Spillius (1990) no texto “Psicanálise e cerimônia” diz: “Tanto um sonho como uma cerimônia 
servem a uma função dupla e contraditória: eles liberam e comunicam pensamentos e emoções 
perigosas. Mas ao mesmo tempo os disfarçam e os transformam de tal forma que o elemento de 
perigo é contido e, em alguma medida, trabalhado.
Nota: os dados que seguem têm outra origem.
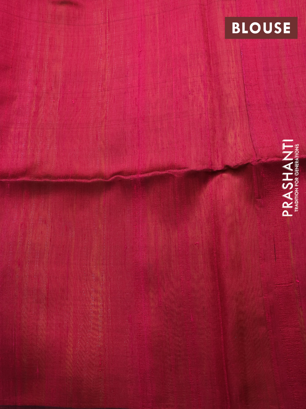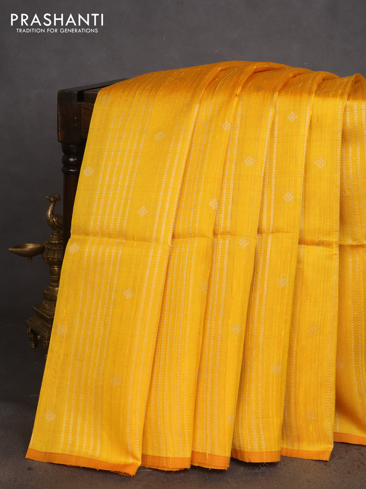 Pure raw silk saree yellow and dark pink with allover silver zari weaves in borderless style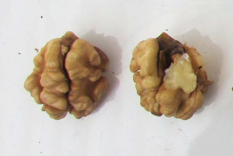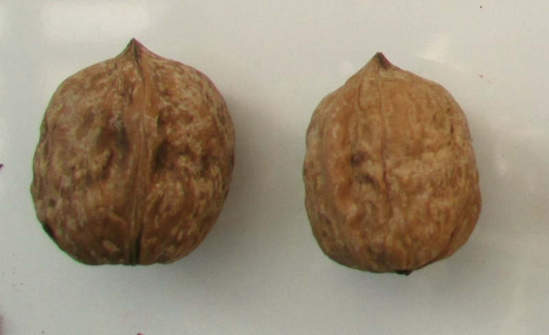 Nuez Es de tamaño medio con una prominencia media del extremo superior. Su forma en sección longitudinal al nivel de la sutura es trapezoidal, su forma en sección longitudinal perpendicular a la sutura es circular. En sección transversal es de forma circular elíptica, en la base perpendicular a la sutura es de forma redondeada a truncada y en el ápice, perpendicular a la sutura es de forma redondeada. El almohadillado de la sutura se ubica en los dos tercios superiores, es de prominencia media, ancho medio y a lo largo tiene poca  profundidad del surco. La cáscara es delgada y presenta una estructura de la superficie moderadamente acanalada, con una fuerte  adherencia de sus dos mitades y membranas divisorias primarias y secundarias de grosor medio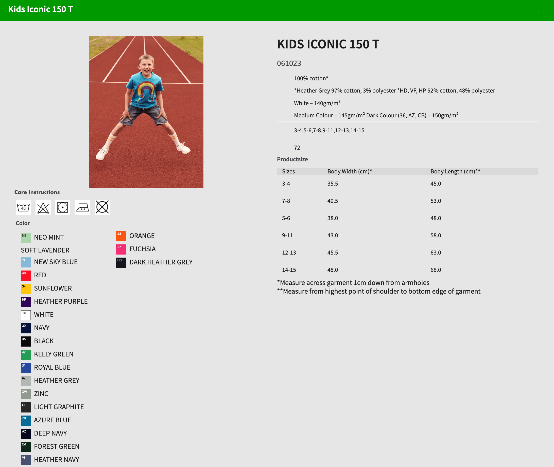 Materiál: 100% bavlna (Heather Grey 97% bavlna, 3% polyester; HD, VF, HP 52% bavlna, 48% polyester); Gramáž: Bílé & Heather Grey – 140g/m² (barevné – 150g/m²); 100% česaná, prstencová bavlna, měkká do dotek, mírně vyštíhlený střih, kulatý výstřih s úzkým žebrováním 1x1, páska na zátylku, nový odtrhávací štítek na zadní straně krku; Certifikáty: STANDARD 100 by OEKO-TEX®; WRAP

Uma cerimônia eficaz protege a sociedade contra 
formas destrutivas de conflito; um sonho eficaz protege aquele que dorme da ansiedade.” 
Quando falamos de dramas nas sessões de certa maneira estamos falando de representação, 
de simbolizações e das dificuldades ligadas a estes processos. Botella (1997) fala do irrepresentável, 
vivências que não puderam ser representadas mentalmente e por isto não podem ser esquecidas. 
Levy (2006) falando do trauma, mostra como uma situação se torna traumática quando não pode ser 
simbolizada. Uma vivência que não pôde ser contida e elaborada internamente pode se tornar 
traumática. O misterioso, o estranho dentro da mente precisa sempre ser decifrado e contido. O 
outro é sempre estranho e assustador e o analista é estranho e assustador como realidade externa e 
interna. Daí termos que pensar a dramatização na sessão como uma maneira de se expor, e também 
uma maneira de se esconder. Mas é principalmente uma oportunidade de experimentar. 
Com o paciente adulto temos sempre a expectativa de que ele vai se comunicar conosco 
verbalmente e muitas vezes isto ainda não é possível. A teatralização é montada para suprir as 
dificuldades de expressão verbal, que uma vez alcançada torna o contato mais direto, mas nem por 
isto mais fácil. 
Erwing Goffman, sociólogo americano que se interessou pelas interações de face a face no 
cotidiano, buscou recursos conceituais em metáforas teatrais como palco, público, personagens. O 
que ele quer examinar é a estrutura da experiência individual da vida social. Ele fez, durante anos, 
estudos em hospitais psiquiátricos de onde ele partiu para sua análise da dramaturgia cotidiana. 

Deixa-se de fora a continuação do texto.